Her spirit stirred at this threat. All seemed lost except the phenomenon of David living, by which, in her distraction, she hoped somehow to justify herself. To the amazement of the world one might oppose the fact of genius miraculously unfolding through her sacrifice. But she thought, "The world! What is that?" And thereupon, "All the same it shall not strike down this helpless creature." And the world became a monster, unfeeling, indeed immeasurably malign, lying far off with the teeming cells of its brain all plotting to rob her of her wretched victory, and with the claws of one outstretched paw already touching the threshold of this house.

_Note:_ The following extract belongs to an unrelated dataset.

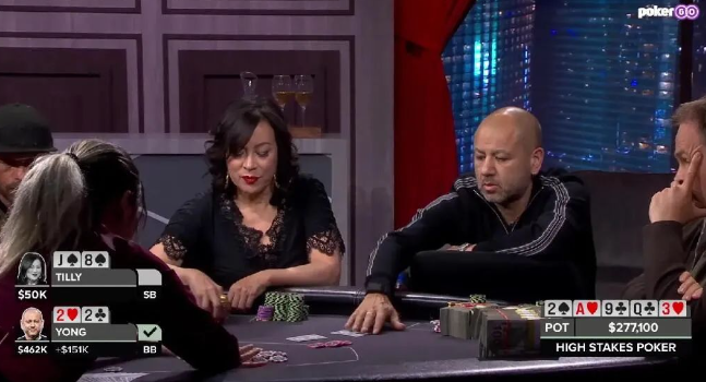 前面玩家过牌到Robl,他做了一个$15,000(12%底池)的小额持续下注。Salomon很快弃牌,但Tilly似乎意识到Robl在“偷池”,她过牌-加注到$45,000,后手仅剩下$50,000。不幸的是Yong拿着暗三条,他跟注。Robl弃牌。底池大小:$227,100。
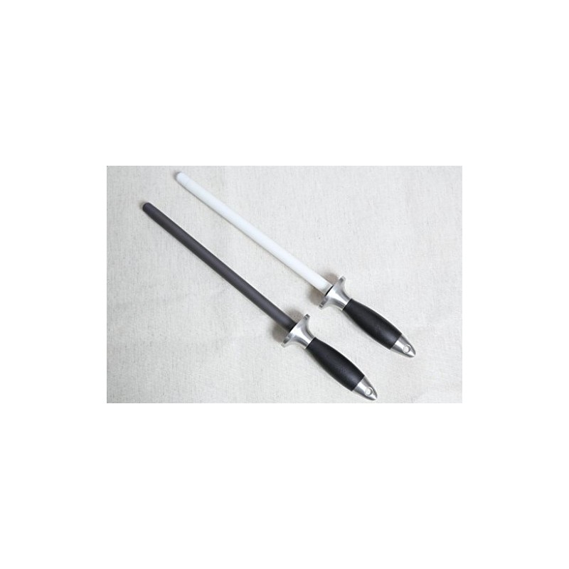 Jende Ceramic knife Honing Shatterproof Rod Steel 2 Piece Set-with an anti-break tip & stainless steel handle

"You are to drive them away."
She went on groping for phrases as one gropes for objects in the dark, telling Hamoud that henceforth nobody from outside the house was to see David till she had been informed, that all newspapers and letters must come first to her, that the servants must not show by so much as a look---- She became aware that among these phrases she was uttering, with an air of calm consideration, others that had no intelligible meaning, no relation to her objective thoughts. She heard herself say, "Perhaps I had better see the servants myself. It would be a queer thing if there were a draft from the pantry. There is a red pillow in the fernery; it must be hidden--the spears, too----" She gazed in perplexity at Hamoud, who appeared to be floating before her at the end of a dark tunnel.
"For how long?" he sighed.
"For how long?" she repeated plaintively.
He seemed to grow taller. His face, which had taken on a blank aspect, resembled the faces of those who, in Oriental tales, stand waiting to fulfil a wish too sinister to have become an audible command. In that instant she saw all problems rushing to their solution, except one; all treasures recaptured, except the peace of conscience. She struggled as one might to awake from some hypnotic spell in which one has been assailed with frightful suggestions. She sprang up and transfixed him with a look.
"Go! Do as I say!"
He bowed and departed.
At once she became so weary that she could hardly reach her couch.
"What am I to do?" she asked herself in a lost voice.
Somewhere, no doubt, there was another Lilla, sane, able to act as well as to think, capable of solving even this dilemma. But that other Lilla remained far away, perhaps in the realm of those who, with an Alexandrian gesture, ruthlessly cut the knot of interwoven scruples, and for a brief season triumphed over the accidents of life! Raising her eyes in despair, she saw trembling on the ceiling a ray of light that resembled the blade of a spear.
There descended upon her the full weight of her forebodings--the superstitious dread that was typical of her emotional defectiveness, and that had its origin, perhaps, in those two unhappy persons who had been her parents. Yet when she moaned, "Ah, Anna Zanidov!" it was with an accent of reproach as keen as though the prophetess of a tragedy must be the cause of it.
The sunshine was dissolving the luxurious room. There came to her, like a dullness from a drug, the fancy that this world had no existence except that with which her credulity had endowed it. "All my life I have been dreaming this dream in which Lawrence and David, Hamoud and Anna Zanidov, America and Africa, are figments. Presently I shall wake and wonder why all these figments gave me so much pain."
She floated deliciously in this thought. She reflected, with a vague smile:
"I must go and restore the appearance of happiness to that poor phantom downstairs."